Consider- MAN: DurexForth Disk II #328

Whammo · 2021-02-18T04:26:44Z

Whammo
Feb 18, 2021
Collaborator

What kind of database or directory structure could provide for fast word searches and access?

I'm thinking a SEQ file for each valid character in the name of any word. Eliminate chars files not used, add files dynamically as chars are added.
Each file is a string of bytes. Byte 1 is the number of words that has the filename byte as it first character. Byte 2 is the number of words that has the filename byte as it's second character. And so on, one for each.
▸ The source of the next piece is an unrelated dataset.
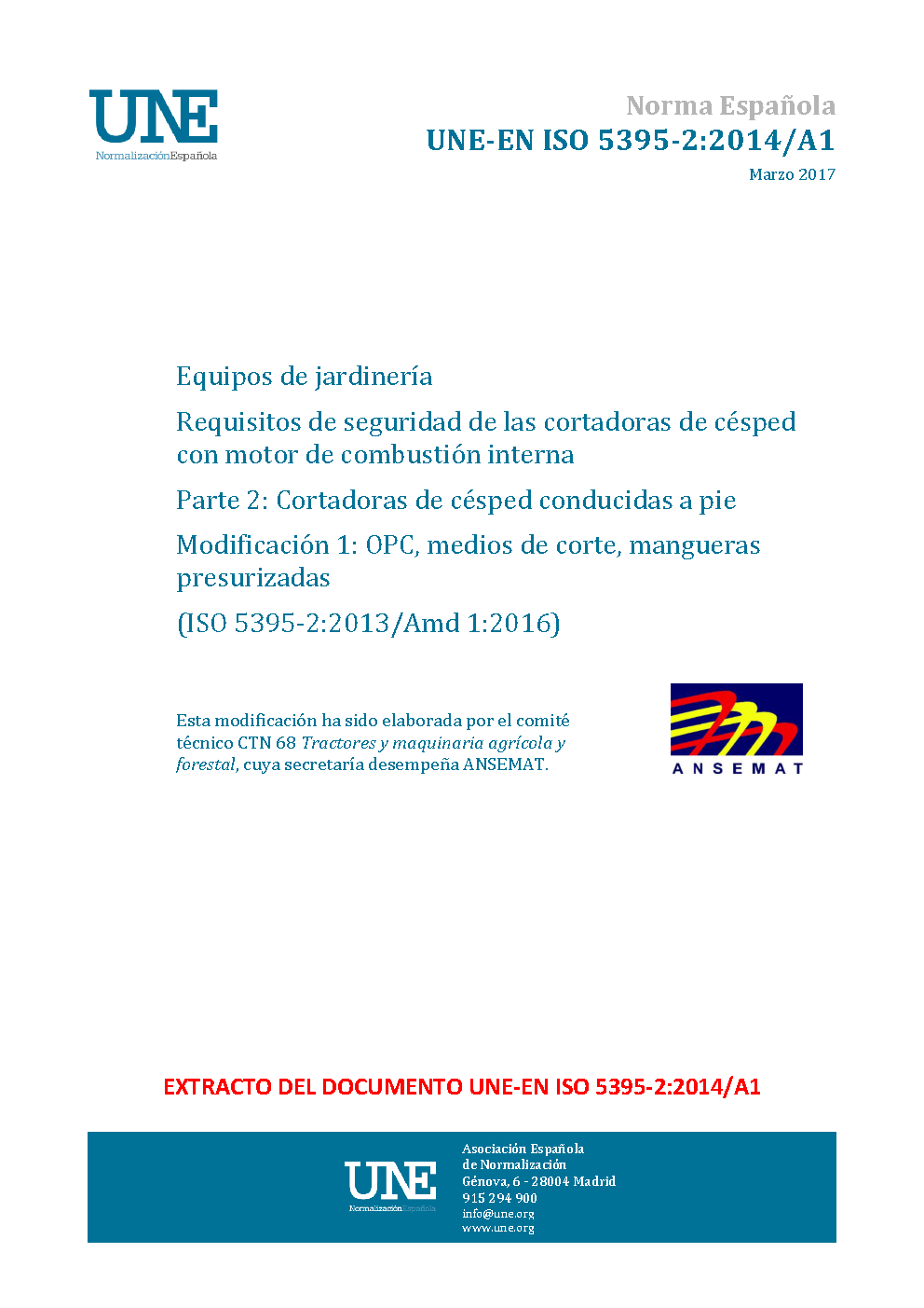 Garden equipment - Safety requirements for combustion-engine-powered lawnmowers - Part 2: Pedestrian-controlled lawnmowers - Amendment 1: OPC, cutting means, pressurized hoses (ISO 5395-2:2013/Amd 1:2016)

If you reach a zero before you've reached the end of the word name, it's not listed, if you reach a one, it's likely yours, but two ones are a positive match.
At the end of each is the list of 'ones' in order, each with information to quickly load the requested man page(s)

( this is not intended to be a regular expressions thread)

Answered by lonetech

Jul 10, 2022

TLDR: There's only one structure in Commodore 1541 intended for fast random access, REL files. Only one can be opened at a time. Indexing is a separate story and the documentation suggests storing indices in separate SEQ files, but hashing could improve that picture.
I don't think the suggested index structure would serve us very well, but there are alternatives.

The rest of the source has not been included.